Work in K2, P2 rib for four rounds. 
Bind off losely following pattern.


----------



## czechmate (Jun 17, 2011)

I have had this on myl list soo thank you for the patttern.


----------



## janeafennell (Dec 11, 2011)

If you are knitting in the round (which I have never done!) I know you just keep knitting, but I hear so much about the twisted stitch when you are at the end of your first cast on row... HOw does this problem happen so many times...????


----------



## newpickle (Dec 7, 2011)

Thank you, I have some 20 year old grand daughters that will love these. They look easy enough to knit.
new pickle


----------



## newpickle (Dec 7, 2011)

Thank you, I have some 20 year old grand daughters that will love these. They look easy enough to knit.
new pickle


----------



## izzy (Jan 30, 2011)

Thank you, Amy ! This will be much appreciated by my grandaughters ...... the fact that you were so 'speedy' in posting the pattern, is also much appreciated !! (O)


----------



## Frogsong (Feb 26, 2011)

janeafennell said:


> If you are knitting in the round (which I have never done!) I know you just keep knitting, but I hear so much about the twisted stitch when you are at the end of your first cast on row... HOw does this problem happen so many times...????


I've never used DPNs, but with magic loop if you have one twist in your first round, it can be fixed before you start the next round by just twisting the needle down through the middle of the work to get the twist out. That probably makes no sense but it's the best way I can explain it.


----------



## SylviaC (Aug 14, 2011)

Janeafennell:

If your work has a twist in it, it becomes a moebius (?) so would not work for anything that needs to be just round. If you knit a couple of rows back and forth on straight needles first and then join, you will be able to be certain there is no twist, just a couple of rows to seam afterwards with your cast on tail. 
You may also want to add an extra stitch and knit 2 together to make the join easier with no hole, but this could also be corrected with the small seam.


----------



## AmyKnits (Aug 20, 2011)

Jeaneafennel,
The patterns for kniting in the round always state "be careful to make sure your stitches are not twisted" because it is very easy to twist your needles when connecting in the round, thus making a mobius or a twist in your work which could be great for a neckwarmer or cowl, would NOT work with this pattern as SylviaC has stated. You have a couple of options if you want to make this pattern and do not have experience knitting in the round... One choice is cast on and simply go for it.... many things are knitted in the round to limit seams (ie. hats, cowls, socks, etc). It is a necessary skill to learn at some point. I prefer it to sewing seams, but you CAN do this flat. You can work the pattern back and forth on straight needles and just continue with ribbing the entire project until it is long enough, then cast off and sew a seam. Another alternative is to do the mock cable section in any written flat pattern that you choose.. cable or not and then finish in ribbing as per pattern. You can check out "New stitch a Day" site for ideas on patterns for the body of the cozy. Remember that you have cast on 40 stitches and you need to change stitch count after ribbing to accommodate new pattern if necessary, then change again before ribbing. Hope this helps. Good luck.


----------



## janeafennell (Dec 11, 2011)

Thank you all for your replies regarding "not twisting stitches" while knitting in the round.... the reason I am interested in learning to knit in the round is because when I make seams they are not pretty!!! I don't have that "knack" down pat yet... I had rather just knit it and tuck in the ends...

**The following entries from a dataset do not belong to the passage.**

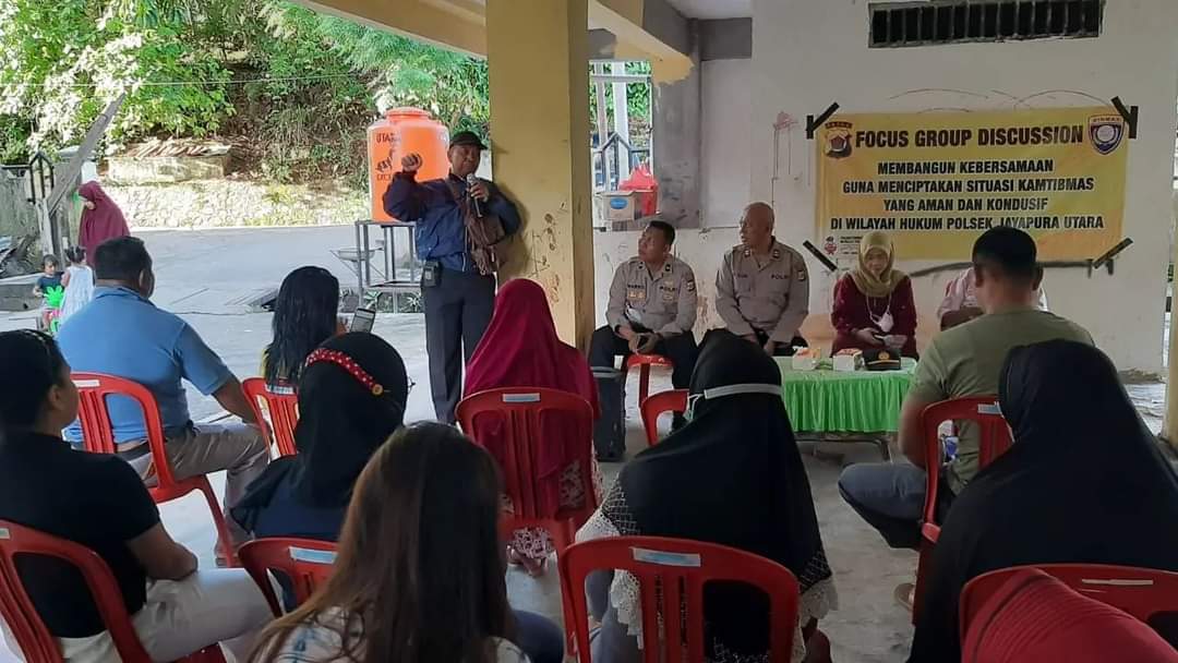 FGD yang digelar mengangkat Tema, “Membangun Kebersamaan Guna Terciptanya Situasi Kamtibmas yang Aman dan Kondusif di Wilayah Hukum Polsek Jayapura Utara” dan dipimpin langsung Wakapolsek Jayapura Utara Iptu Miftachul Ulum didampingi Kanit Binmas Ipda Marno bersama Bhabinkamtibmas setempat Aipda Yanes.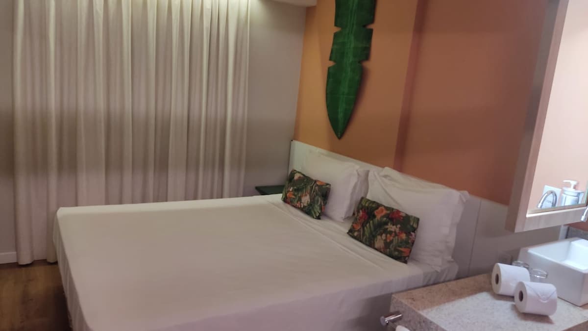 Frente a las Termas de Olimpia, cerca de supermercados, restaurantes, pizzerías, farmacias y otros servicios. El apartamento tiene 1 dormitorio con capacidad para 6 (seis) personas, y consta de 1 dormitorio con 1 cama doble y 1 cama individual, sala de estar con sofá cama y smart tv, baño, balcón, aire acondicionado en todas las habitaciones, cocina americana con fregadero, minibar y microondas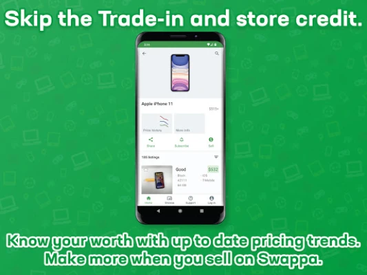 Skip store credit. Ditch the gift cards. Sellers make more on Swappa. Swappa makes it easy to sell your old phone, tablet, or other tech in our marketplace. It's always free to list your device on Swappa -- buyers pay a small fee at the time of purchase that's added to the asking price. And when your device sells, cash gets deposited into your PayPal account quickly. Use our real-time data to see pricing trends and what other devices have recently sold for.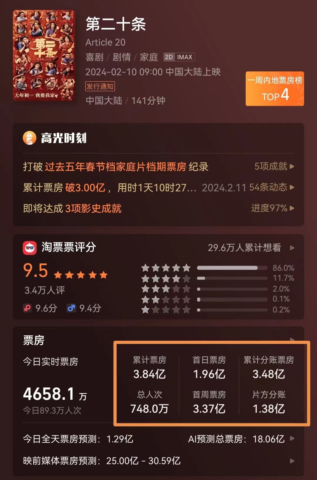 据灯塔专业版App,截至目前,《第二十条》累计票房3.84亿,观影总人次748万。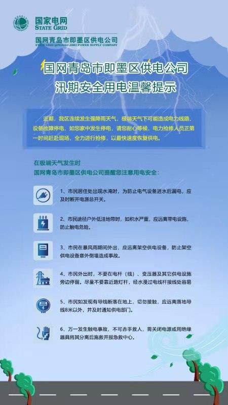 國(guó)網(wǎng)青島市即墨區(qū)供電公司汛期安全用電溫馨提示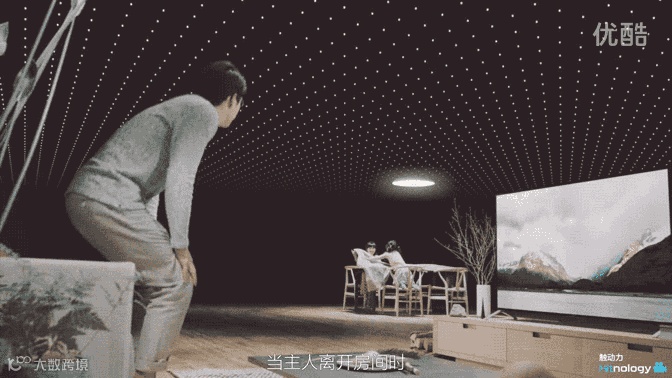 ◤当主人进屋时,通过灯内置的传感器,自动控制电视打开。。。◢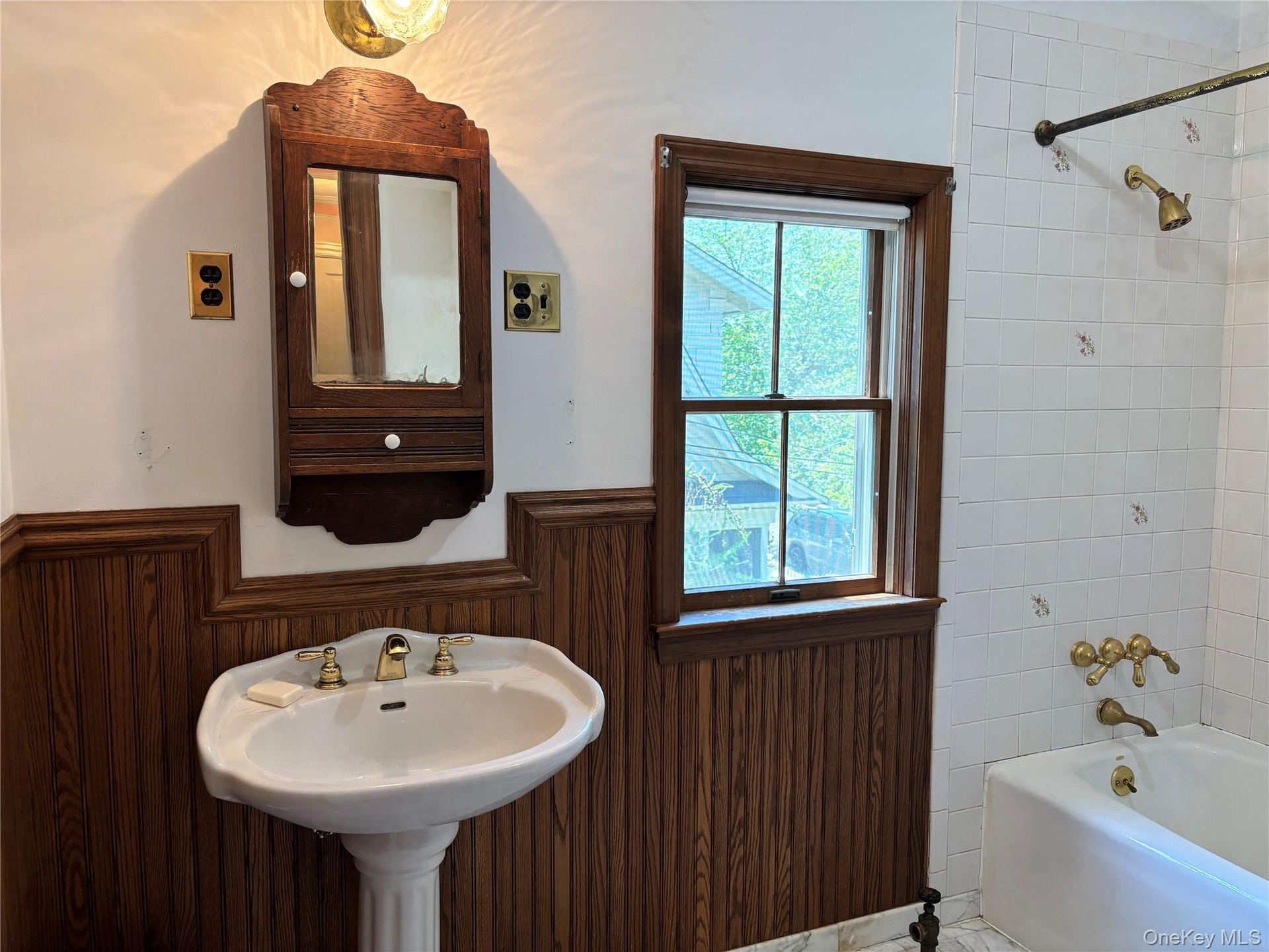 - Bathroom with bathing tub / shower combination and wainscoting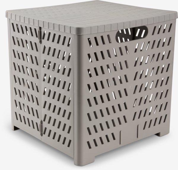 Cesto pieghevole con coperchio realizzato in plastica (100% riciclato) di colore grigio caldo. Ideale per riporre di tutto, dai giocattoli agli articoli per hobby, fino a coperte e libri. P28 x L30 x H30 cm

Thanks again for the good advice... jf


----------



## Dentalknitter (May 27, 2011)

You just made my daughter's Christmas! Thank you so much!


----------



## groovienan (Aug 15, 2011)

thx for sharing will try a pair soon love them


----------



## missylam (Aug 27, 2011)

Thanks for the pattern


----------



## janeafennell (Dec 11, 2011)

Christmas is so close... cannot believe how the days fly by... BUT... I am so excited about this pattern... I don't know anyone that wouldn't love a pair of these... SO, just wait til Christmas is over and I am sitting by the fire... I'll be having these on my neddles for sure. Thanks so much for this pattern, Amy, and for your prompt reply....


----------



## Butterfly3 (Jan 20, 2011)

This is such a neat idea, and it sounds easy to make! Thanks so much for this pattern!


----------



## Grandmaknitstoo (Jul 6, 2011)

Thanks for the pattern . i have one finished and the 2nd one on my 3rd repeat of mock cable pattern.


----------



## janeafennell (Dec 11, 2011)

Great for you... I haven't even started yet... but I will... just wait... right after CHRISTmas day when I am sitting by the warm fire at night... the needles will be filled with yarn and I'll be in second heaven.....

Merry Christmas to you....


----------



## Grandmaknitstoo (Jul 6, 2011)

And the same to you!


----------



## team10 (Mar 18, 2011)

Hi

I have just come across your Ugg Boot Topper and would love to try it for my grandaughters who all had Ugg Boots for Christmas. However, I have never used circular needles. I found a set but they seem far too long to use for 40 sts.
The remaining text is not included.